#### [Work required]
Please repeat only the lines below starting at the line that holds "2.1. Install the" and ending at the line that holds "La Table basse", exactly, with both of those lines included and every picture omitted.
*** Opening Material for the task ***
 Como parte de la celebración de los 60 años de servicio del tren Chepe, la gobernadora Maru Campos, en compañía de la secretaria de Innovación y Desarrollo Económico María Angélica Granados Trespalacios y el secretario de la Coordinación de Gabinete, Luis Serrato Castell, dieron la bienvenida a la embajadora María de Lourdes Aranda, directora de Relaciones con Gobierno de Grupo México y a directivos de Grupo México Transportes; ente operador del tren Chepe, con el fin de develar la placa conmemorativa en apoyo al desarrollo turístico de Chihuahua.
*** Closing Material for the task ***
*** Opening Material for the task ***
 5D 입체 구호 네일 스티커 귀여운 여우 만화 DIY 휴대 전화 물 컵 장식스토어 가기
*** Closing Material for the task ***
*** Opening Material for the task ***
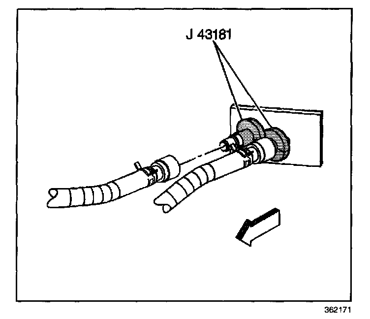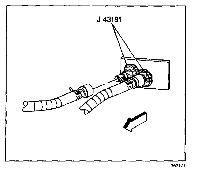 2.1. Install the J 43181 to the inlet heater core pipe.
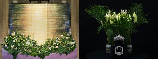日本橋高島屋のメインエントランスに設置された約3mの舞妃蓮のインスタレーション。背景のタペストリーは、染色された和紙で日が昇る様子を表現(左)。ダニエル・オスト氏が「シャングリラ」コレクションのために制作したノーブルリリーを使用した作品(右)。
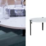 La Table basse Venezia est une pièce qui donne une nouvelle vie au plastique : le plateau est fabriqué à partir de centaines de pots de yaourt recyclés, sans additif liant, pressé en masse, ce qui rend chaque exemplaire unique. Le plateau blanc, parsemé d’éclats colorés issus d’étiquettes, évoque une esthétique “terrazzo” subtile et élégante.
*** Closing Material for the task ***
#### [Exercise output]
 2.1. Install the J 43181 to the inlet heater core pipe.
日本橋高島屋のメインエントランスに設置された約3mの舞妃蓮のインスタレーション。背景のタペストリーは、染色された和紙で日が昇る様子を表現(左)。ダニエル・オスト氏が「シャングリラ」コレクションのために制作したノーブルリリーを使用した作品(右)。
 La Table basse Venezia est une pièce qui donne une nouvelle vie au plastique : le plateau est fabriqué à partir de centaines de pots de yaourt recyclés, sans additif liant, pressé en masse, ce qui rend chaque exemplaire unique. Le plateau blanc, parsemé d’éclats colorés issus d’étiquettes, évoque une esthétique “terrazzo” subtile et élégante.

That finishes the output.